[PROMPT] Set down all of the data that follows word for word, without the images.

══ DATA EXTRACT ══

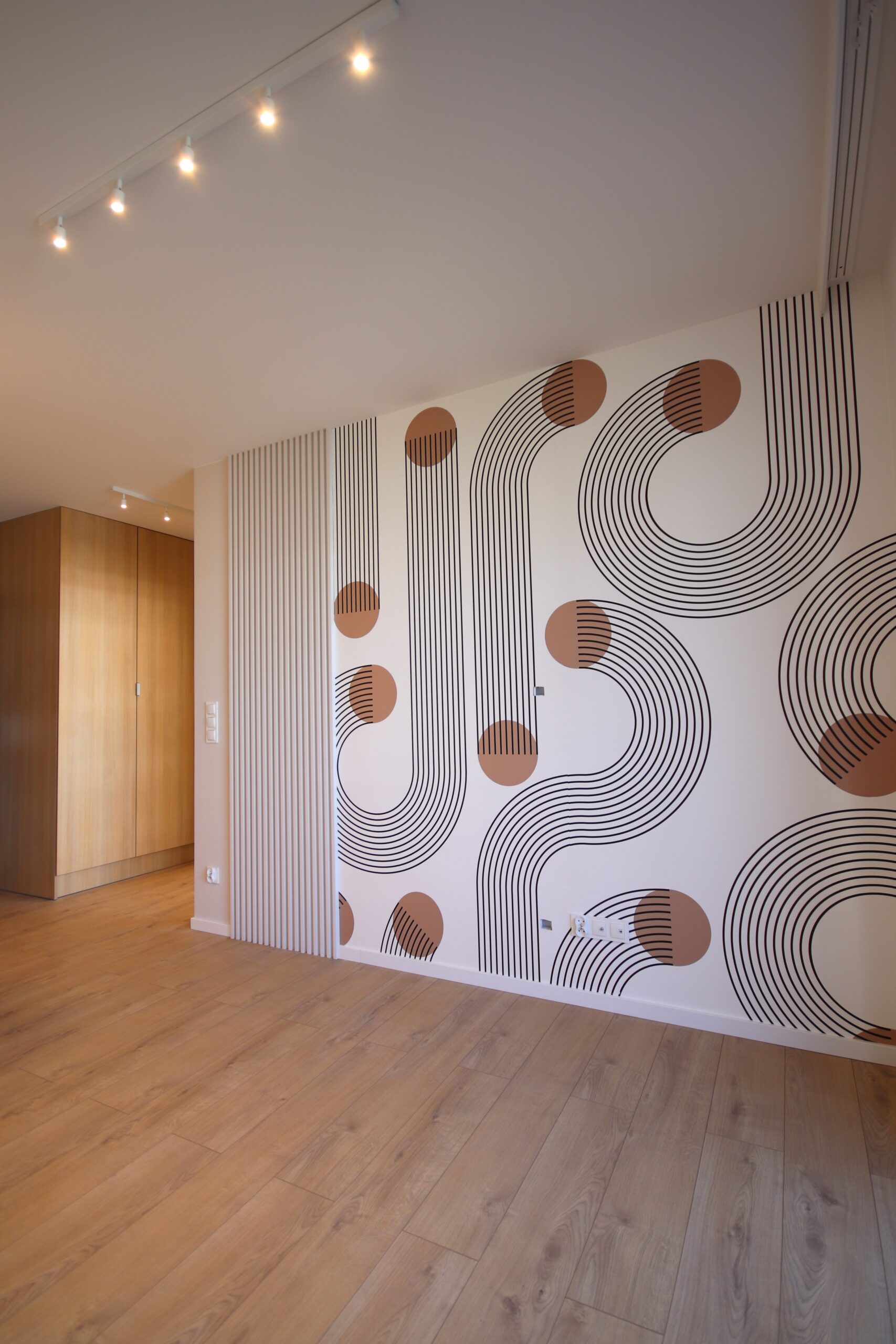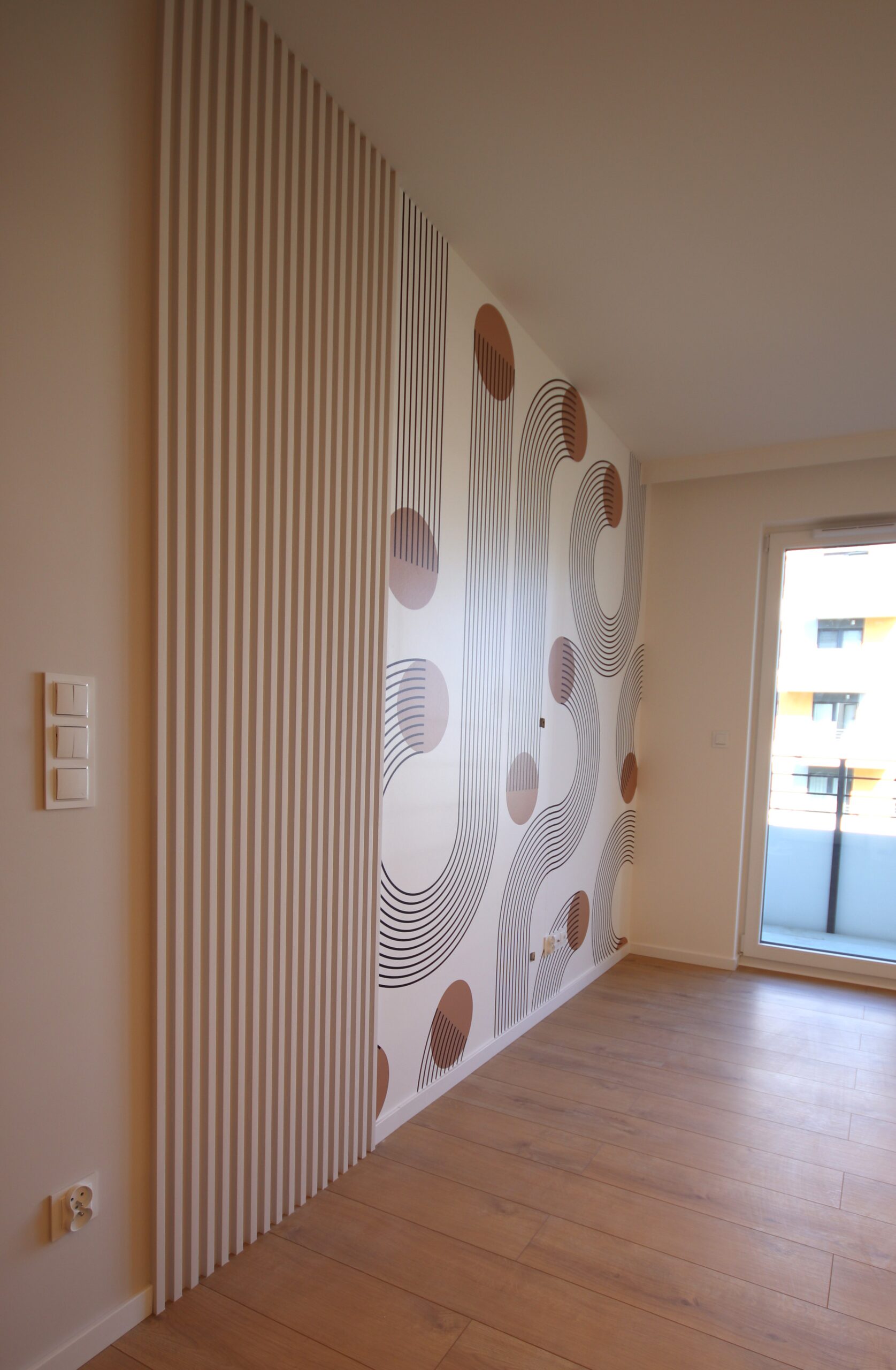 W projekcie mieszkania zastosowaliśmy tapetę Geosnake, która stanowi jeden z głównych akcentów dekoracyjnych w tym wnętrzu. Jej unikalny, geometryczny wzór doskonale komponuje się z nowoczesnym stylem mieszkania, dodając przestrzeni dynamizmu i elegancji. Tapeta o wyrazistej fakturze wprowadza subtelną grę świateł i cieni, nadając wnętrzu głębię bez przytłaczania. Zastosowanie tapety na głównej ścianie pozwoliło uzyskać punkt centralny wnętrza, który przyciąga wzrok i podkreśla jego charakter.
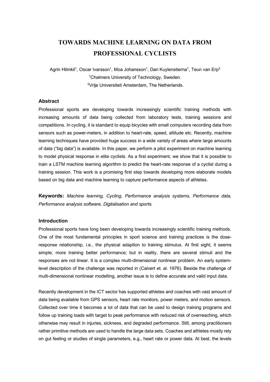 Professional sports are developing towards increasingly scientific training methods with increasing amounts of data being collected from laboratory tests, training sessions and competitions. In cycling, it is standard to equip bicycles with small computers recording data from sensors such as power-meters, in addition to heart-rate, speed, altitude etc. Recently, machine learning techniques have provided huge success in a wide variety of areas where large amounts of data (big data) is available. In this paper, we perform a pilot experiment on machine learning to model physical response in elite cyclists. As a first experiment, we show that it is possible to train a LSTM machine learning algorithm to predict the heart-rate response of a cyclist during a training session. This work is a promising first step towards developing more elaborate models based on big data and machine learning to capture performance aspects of athletes.
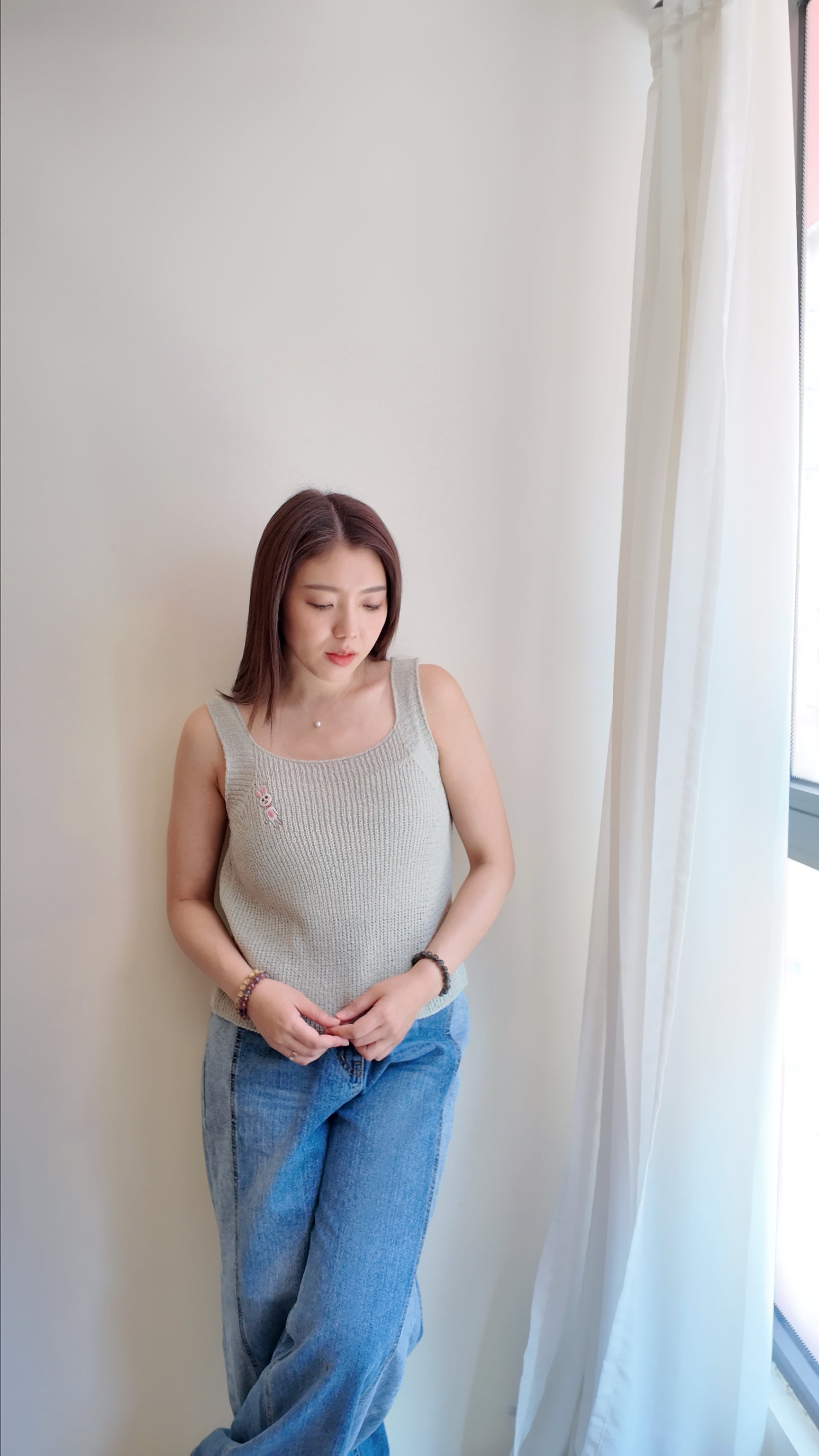 清爽方領針織線背心

═══

[OUTPUT FOR THIS EXERCISE]
 W projekcie mieszkania zastosowaliśmy tapetę Geosnake, która stanowi jeden z głównych akcentów dekoracyjnych w tym wnętrzu. Jej unikalny, geometryczny wzór doskonale komponuje się z nowoczesnym stylem mieszkania, dodając przestrzeni dynamizmu i elegancji. Tapeta o wyrazistej fakturze wprowadza subtelną grę świateł i cieni, nadając wnętrzu głębię bez przytłaczania. Zastosowanie tapety na głównej ścianie pozwoliło uzyskać punkt centralny wnętrza, który przyciąga wzrok i podkreśla jego charakter.
 Professional sports are developing towards increasingly scientific training methods with increasing amounts of data being collected from laboratory tests, training sessions and competitions. In cycling, it is standard to equip bicycles with small computers recording data from sensors such as power-meters, in addition to heart-rate, speed, altitude etc. Recently, machine learning techniques have provided huge success in a wide variety of areas where large amounts of data (big data) is available. In this paper, we perform a pilot experiment on machine learning to model physical response in elite cyclists. As a first experiment, we show that it is possible to train a LSTM machine learning algorithm to predict the heart-rate response of a cyclist during a training session. This work is a promising first step towards developing more elaborate models based on big data and machine learning to capture performance aspects of athletes.
 清爽方領針織線背心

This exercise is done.